Now Becca over at A Los Angeles Love wrote a really compelling piece on exactly which photographs makes a blog-worthy wedding (and who/what’s being excluded) that I think is awesome and so true. Go read it. She hits the nail on the head in terms of blog-lands ideals of prettiness, but I don’t quite buy that main stream wedding blogs are the only perpetrator of wedding evils. And to be honest, there is still a lot of inspiration to be found in their too perfect pages. Then again there is a lot of inspiration to be found on all the indie blogs too, and while the beauty ideals may not be the same, I would argue that they absolutely still exist. They’re just different. And the DIY bar is set pretty high across the blogosphere, no matter what the brides final verdict on the importance of said details ends up being. So I actually think all of us blog writers are in part responsible for perpetrating a few wedding evils and worse we buy into the whole us vs. them mentality a little too much in an effort to find our unique voice. I’m a gay girl who is just as comfy in Barney’s New York as I am in my garage (if I had one) fixing my own car. I’m already a precious and unique unicorn, so maybe it wouldn’t kill me to be a little nicer where other peeps weddings are concerned? Maybe I can be a little more comfy in my own skin and my own little corner of the blogosphere and just focus on what works for my wedding with out (too much) “boring” wedding bashing.
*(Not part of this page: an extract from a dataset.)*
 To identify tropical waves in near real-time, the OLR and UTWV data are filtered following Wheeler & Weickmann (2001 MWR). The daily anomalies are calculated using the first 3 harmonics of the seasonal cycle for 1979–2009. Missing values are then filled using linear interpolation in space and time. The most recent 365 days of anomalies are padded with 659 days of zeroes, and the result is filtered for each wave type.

And still be my bad-ass opinionated self. Maybe. I kinda wanna try, because there is already enough snarkiness in the universe. And I bet you other blog authors/brides-to-be/wedding planner extraordinaires are precious and unique unicorns too. So even if some other brides details seem boring, trite, stereotypical or just plain weird to you, who really cares? See sometimes I feel like a little hesitant to throw a post up over at Weddingbee b/c some people might be offended by my exuberance on my subject matter and sometimes I’m a little hesitant to toss up a silly trifle like my two-post shoe hunt here b/c I think my personal blog readers will find it silly. It’s like my blogroll is forming alliances and could go to battle at any time.
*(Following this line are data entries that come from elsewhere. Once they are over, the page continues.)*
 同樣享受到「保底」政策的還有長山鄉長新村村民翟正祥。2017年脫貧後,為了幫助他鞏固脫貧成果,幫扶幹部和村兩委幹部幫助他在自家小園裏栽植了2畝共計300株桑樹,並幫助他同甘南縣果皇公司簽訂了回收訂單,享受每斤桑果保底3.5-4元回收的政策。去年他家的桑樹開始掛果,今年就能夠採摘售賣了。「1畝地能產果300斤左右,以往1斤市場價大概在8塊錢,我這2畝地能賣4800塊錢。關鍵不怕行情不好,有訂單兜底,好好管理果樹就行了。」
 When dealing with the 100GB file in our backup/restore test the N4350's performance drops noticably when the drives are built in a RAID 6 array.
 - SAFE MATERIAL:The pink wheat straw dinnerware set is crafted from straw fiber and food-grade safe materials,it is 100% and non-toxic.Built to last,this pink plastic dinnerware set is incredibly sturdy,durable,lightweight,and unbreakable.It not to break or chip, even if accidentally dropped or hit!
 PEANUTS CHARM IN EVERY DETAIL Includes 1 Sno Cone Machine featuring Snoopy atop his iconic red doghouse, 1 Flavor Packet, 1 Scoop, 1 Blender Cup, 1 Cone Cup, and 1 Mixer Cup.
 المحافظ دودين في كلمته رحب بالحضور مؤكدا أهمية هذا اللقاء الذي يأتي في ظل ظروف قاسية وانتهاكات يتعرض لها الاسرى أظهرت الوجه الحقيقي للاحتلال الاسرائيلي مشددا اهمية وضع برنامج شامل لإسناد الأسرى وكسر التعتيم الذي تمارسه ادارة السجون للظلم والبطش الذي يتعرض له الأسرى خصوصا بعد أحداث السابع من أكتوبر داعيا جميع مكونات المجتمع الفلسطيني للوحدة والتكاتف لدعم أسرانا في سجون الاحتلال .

So in an effort to keep the peace, merge the camps, and lighten my snarkiness footprint on the planet, I vow to:
*Blog about the types of weddings I THINK are blog-worthy. I used to do this little thing called wedding wednesdays where I featured gay-girl weddings that I think did a damn good job of this. So if you know of any kick-ass gay-girl weddings please send ‘em my way!
*Have all the glorious unique little details I want AND still be an intelligent thinking bride who cares more about my marriage more than our wedding day.
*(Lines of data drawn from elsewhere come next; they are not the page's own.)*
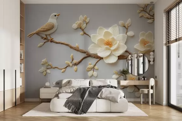 Тапете за зид У стилу везеног цвећа магнолије са птицом на грани на светло плавој позадини бр. w08724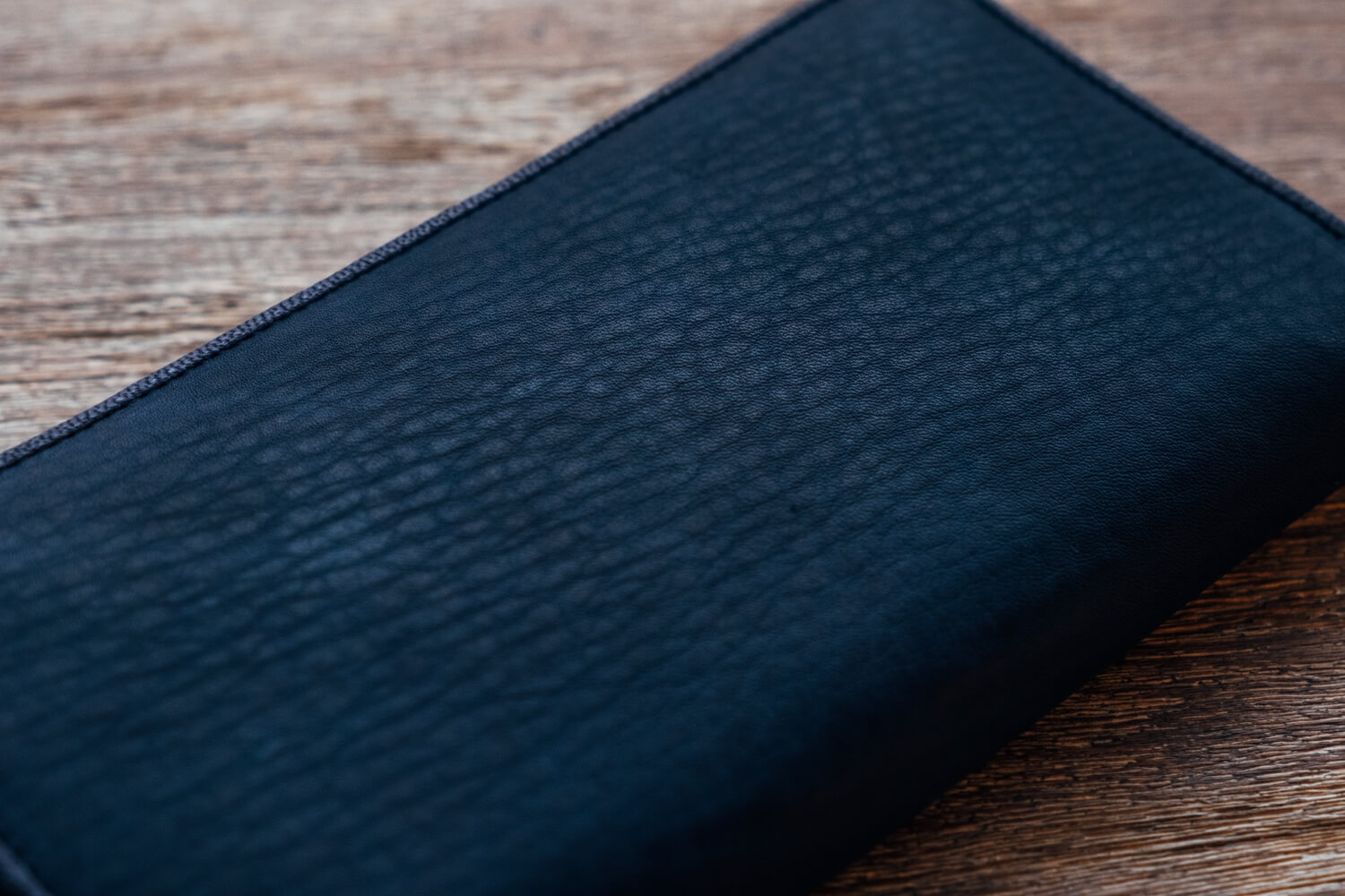 写真右側の財布はFESONというブランドのアドバンレザーを用いた長財布。牛革を磨くことで独特の美しいムラ感を表現した、上品な印象の財布です。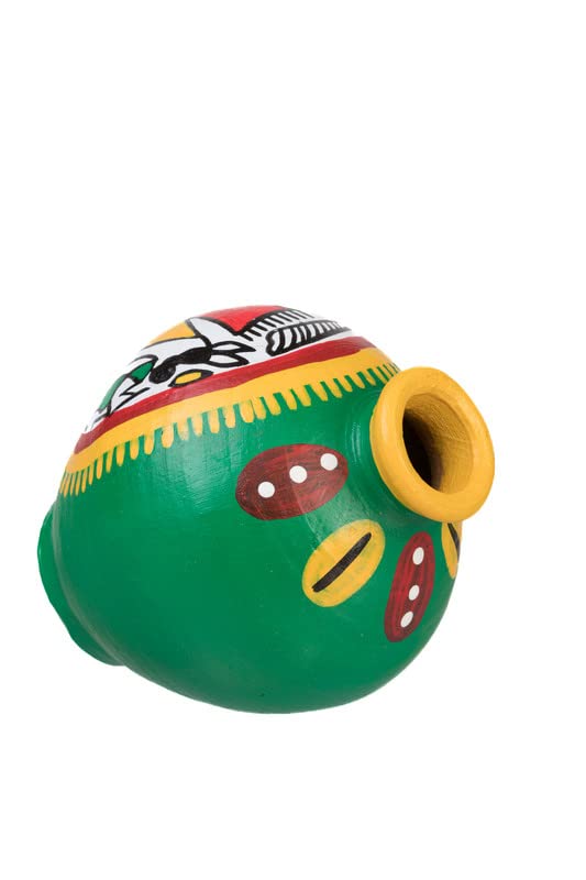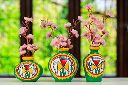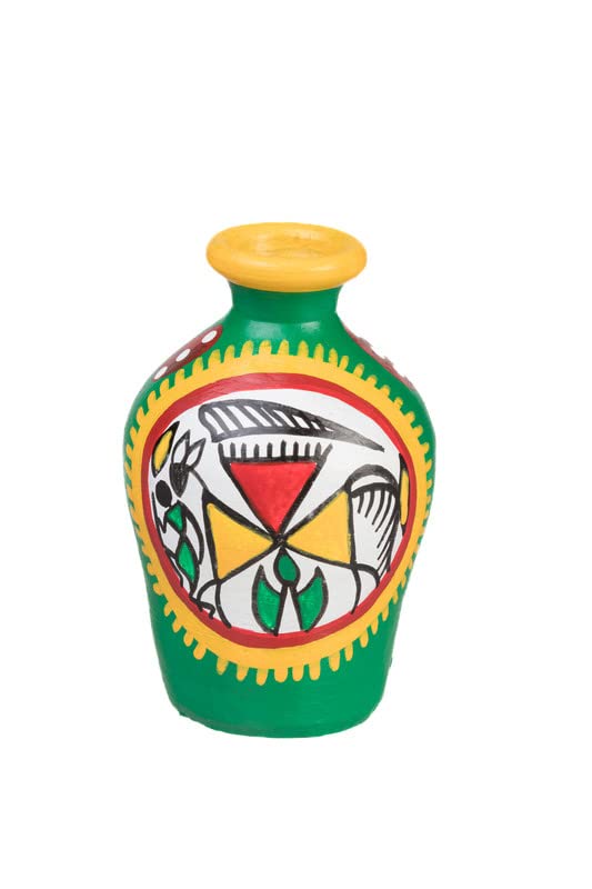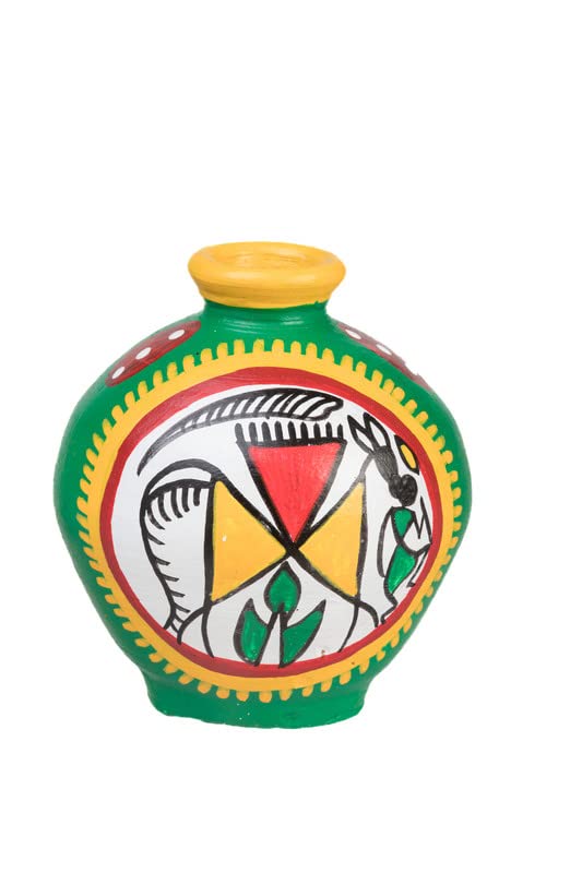Karru Krafft Skillfull artisan created in terracotta and hand-ted with excellent details by skilled and semi-skilled individuwith a respect for art and craft using India's native resources methods and technology that also functions as an ethnic table top adornment. The flower vase has been hand-ted in a circular patch with an indigenous Indian traditional artwork. The small size and uncomplicated functionality are suitable for living room / child's room/bed room/balcony garden decoration Shelf Decoration and Ideal for Gifing making them appear more domestic and bringing joy into your home.

*Let myself appreciate that other people may have a VERY different idea of what constitutes a beautiful wedding than I do and let it go without feeling the need to make fun of their classic/cookie-cutter details.
*Do a reality check when I come across a “too homemadey” wedding in blog land and instantly compare it to an absolutely perfect photo shoot.
At least those are my thoughts this morning. What are your sunday morning thoughts? Any plans to lessen your snarkiness footprint on planet earth, wedding related or not?